The SimpleRisk 20220122-001 release is a minor first release of the year that includes a few quality of life changes such as increasing the maximum length of file types added for upload.
We also updated the term Desired Frequency to Test Frequency so that it is easier to follow the usage of the field as well as making filters that tried to review Desired Frequency now pull the Test Frequency instead.
The full list of changes made for better usability includes:
- Updating the file content type field max character length so long file type names will no longer be truncated when they are saved.
- Updating the term Desired Frequency to the Test Frequency and all places you would have seen Desired Frequency previously will now pull the “Test Frequency”.
- Added the ability to search the “Owner” and “Owner’s Manager” fields during risk submission and editing the details of a risk.
- Added a default risk grouping entry that is assigned to all the risk categories without a group creating
We also introduced a few security fixes in SimpleRisk which include:
- Added a check SSL certificate option to enforce SSL certificate verification.

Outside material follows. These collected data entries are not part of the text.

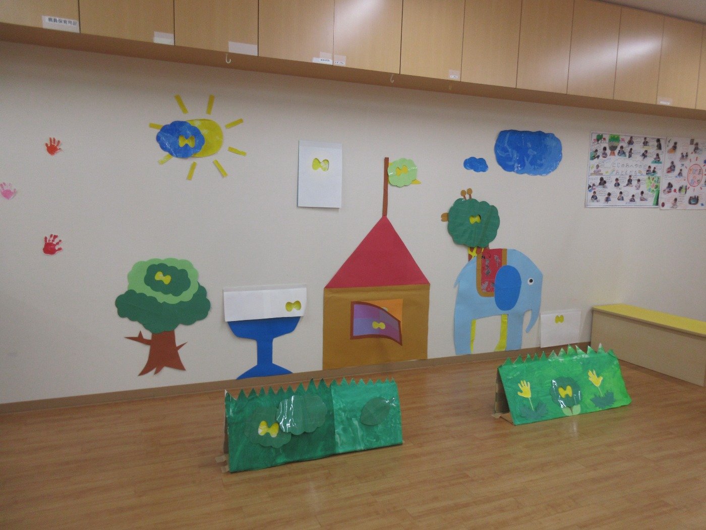 今回は、子どもたちが大好きな絵本の中から五味太郎さんの「きろいのはちょうちょ」「きんぎょがにげた」の絵本の世界をイメージし、保育室をお庭にしてみました。題して「潮江の庭へようこそ!」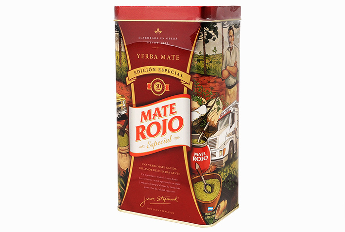 Ozdobna, ilustrowana puszka ze specjalnym dozownikiem. W środku znajduje się paczka 500 g klasycznej yerby Mate Rojo Especial.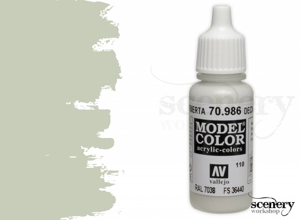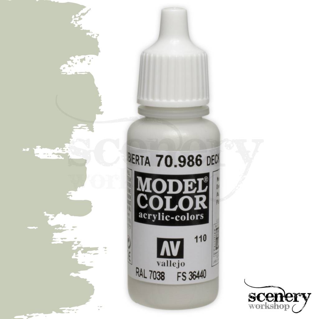 De kleur van Vallejo Model Color Deck Tan (70.986) is vergelijkbaar met: Federal Standard: 36440; RAL: 7038; Gunze H-315; Humbrol 129; Testors Model Master 1730.
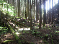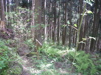 再び小さな沢筋(午前11時21分)を越えたあたりから道は倒れた木々、落ちた枝葉で覆われはっきりしない。取敢えず開けた方向に向かって杉林を進む。

This option is found in the “Settings” menu in the “Configure” module at the top in the “Security” tab.
- Fixed 2 possible SQL injection vulnerabilities in the Risk Assessment Extra.

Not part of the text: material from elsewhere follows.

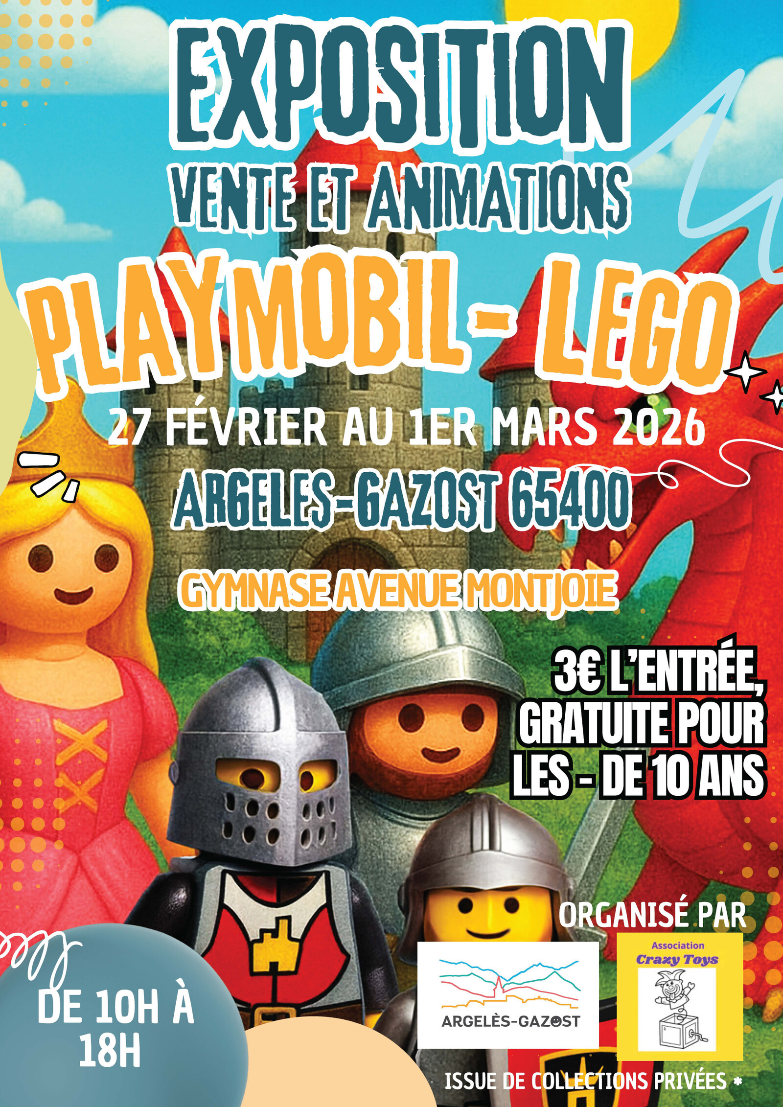 Palymobil - Lego : Exposition - vente - animation27 février au 1er Mars - Gymnase municipal – Avenue Montjoie, Argelès-GazostVenez découvrir des mises en scène spectaculaires, des univers miniatures fascinants qui plairont aux petits et aux grands enfants

This release also includes a few bug fixes and are as follows:
- Added the Threat Grouping field to Add and Remove Values.
- Fixed an issue where users could not upgrade when the table engine converting logic did not perform as expected.
- Fixed a bug where the supporting documentation in risk details was not displayed as intended.
The SimpleRisk Extras are the paid for functionality that extend the features of the SimpleRisk Core. This release was mostly focused on bug fixes but one noticeable change is the Risk Assessment Extra questionnaires display has been updated to be easier to follow which answer is selected.
The full list of updates to Extras are as follows:
Risk Assessment Extra
- Updated the design of the answers displayed on completed questionnaires, results, shared results and the compare results pages
Vulnerability Management Extra
- Fixed an issue where the cron would not run as intended due to looking for a session cookie that did not exist.